When Trump took over in January 2017, Cameron was told that her office was being downgraded. Then, in April 2018 when John Bolton took over as National Security Advisor, Cameron was told the funding for her office was being cut. Cameron told Quammen she didn’t know who or what was behind the decision.

Trump later fired Bolton in September 2019. Now, Cameron is working as a preparedness expert at the nonprofit Nuclear Threat Initiative.

The lack of preparedness reflects a trend that has been building in the U.S. over the past few decades: a resistance to science.

“It’s going to be bad, because we weren’t prepared. We live in a place where there is a lot of anti-science,” Gaines-Quammen said. “We also have this idea of American exceptionalism, where we think we’re going to do better than everybody else in the world. Because of that, we did not prepare adequately. And so, we’re in a real mess.”

Gaines-Quammen has dealt with people who vigorously wave the American flag and reject science out of religious conviction. Specifically, she has spent a lot of time talking to the Bundy’s, both Cliven and his son Ammon, for her book “American Zion,” published this week.

Cliven Bundy gained notoriety for his 2014 armed standoff with federal employees over the fact that he refuses to pay the Bureau of Land Management for grazing his cattle on public land in Nevada. Ammon followed in Cliven’s footsteps when he organized another armed standoff in January 2016 at the Malheur Wildlife Refuge in Oregon.

The two Mormon ranchers don’t acknowledge the federal government’s authority while simultaneously quoting the U.S. Constitution. But only certain parts, Gaines-Quammen said. They also justify their actions by saying they’re carrying out God’s will.

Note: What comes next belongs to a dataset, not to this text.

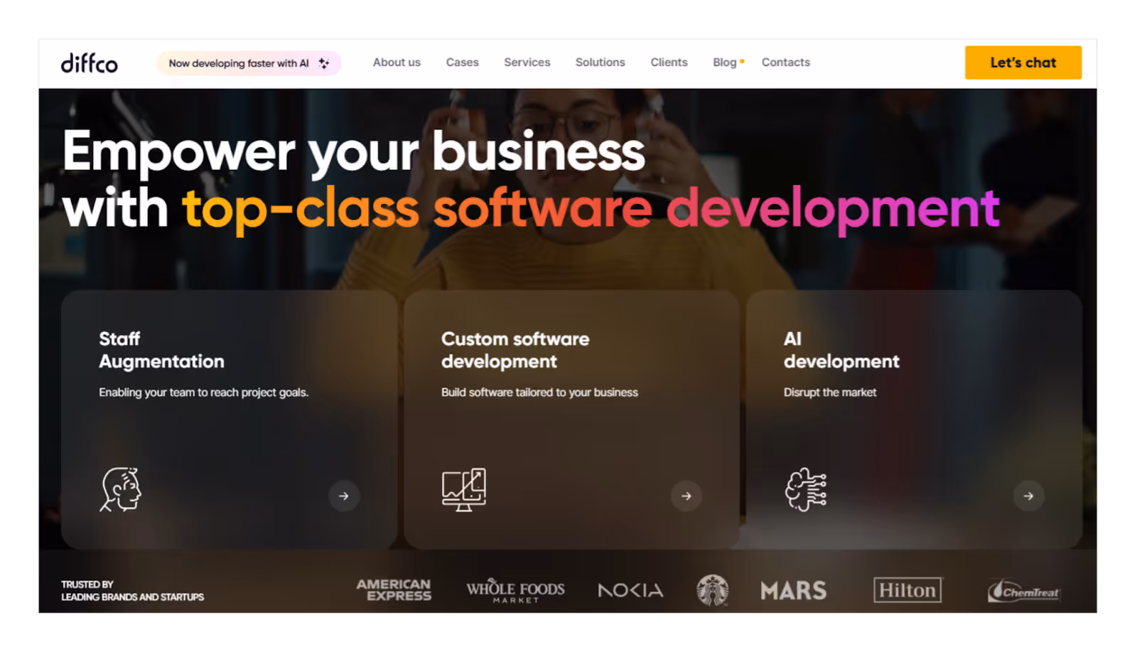 Diffco is a U.S.-based custom software development company that partners with startups and enterprises to design and build advanced digital products. Their expertise spans AI, machine learning, and cloud-based architectures, allowing them to create software that’s secure, scalable, and ready for real-world performance.
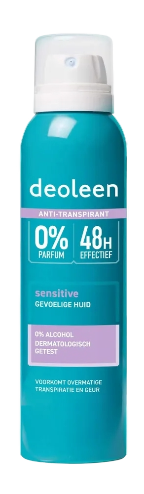 De extra milde formule is verrijkt met verzachtende oliën, zodat het bij uitstek geschikt is voor mensen met een gevoelige huid. Deoleen Anti-transpirant Deodorant Spray Sensitive is een alcohol- en parfumvrije anti-transpirant, die overmatig transpiratie voorkomt.

“He represents ‘We the people’ as only people who agree with him. That’s so infuriating,” Gaines-Quammen said.

The problem is the Trump administration has enabled people like the Bundy’s by encouraging an anti-science attitude, doing everything it can to diminish the amount of science that goes into policy decisions, especially those dealing with public lands and climate change.

Add to that a social media that allows conspiracy theories – such as COVID-19 being a Democratic hoax or a bio-weapon developed by the Chinese - to flourish, and science is under siege.

“These are really anti-science circles. (Ammon’s) come out and said science is just a religion,” Gaines-Quammen said.

However, as anti-science as he is, Ammon told Gaines-Quammen a few nights ago that he believes that COVID-19 is a real threat and that it’s morally right to spend time isolated with family.

“Then he said, ‘The government is going to use this crisis to consolidate power,’” Gaines-Quammen said. “I absolutely agree that that is something that we need to be vigilant about. We’re seeing signs about that right now.”

Quammen said he and others are also concerned that Trump, who calls himself a “war-time president,” may use COVID-19 as an excuse to cancel the general election in November, so he can retain power.

However, Gaines-Quammen said Ammon might pose his own threat, based on his correspondence over the past few days. In a statement, Ammon wrote that orders to self-isolate go against the freedoms of America and that “this will not happen in Idaho.”

Idaho issued a self-isolate order on Wednesday. Ammon is streaming a meeting about the order to his followers on Thursday night.

“This might be the next thing he uses as a stand. He’s very concerned about the lockdowns,” Gaines-Quammen said. “This particular outbreak might be the next big Bundy action.”

Looking forward, Quammen said his sources say COVID-19 probably can’t be controlled like Ebola because it spreads more stealthily. We may be able to quell the outbreak of 2020, but oblivious carriers will continue to carry COVID-19 to less prepared regions, allowing it to circulate around the world like measles or polio.

“We take measles for granted because we vaccinate against it,” Quammen said. “But we have the anti-science anti-vaxxers. And there are places where nobody has been vaccinated against measles. This coronavirus may turn into something like that. Something that is not a pandemic but is endemic, so it’s always making people sick somewhere and killing people somewhere. That’s a possibility.”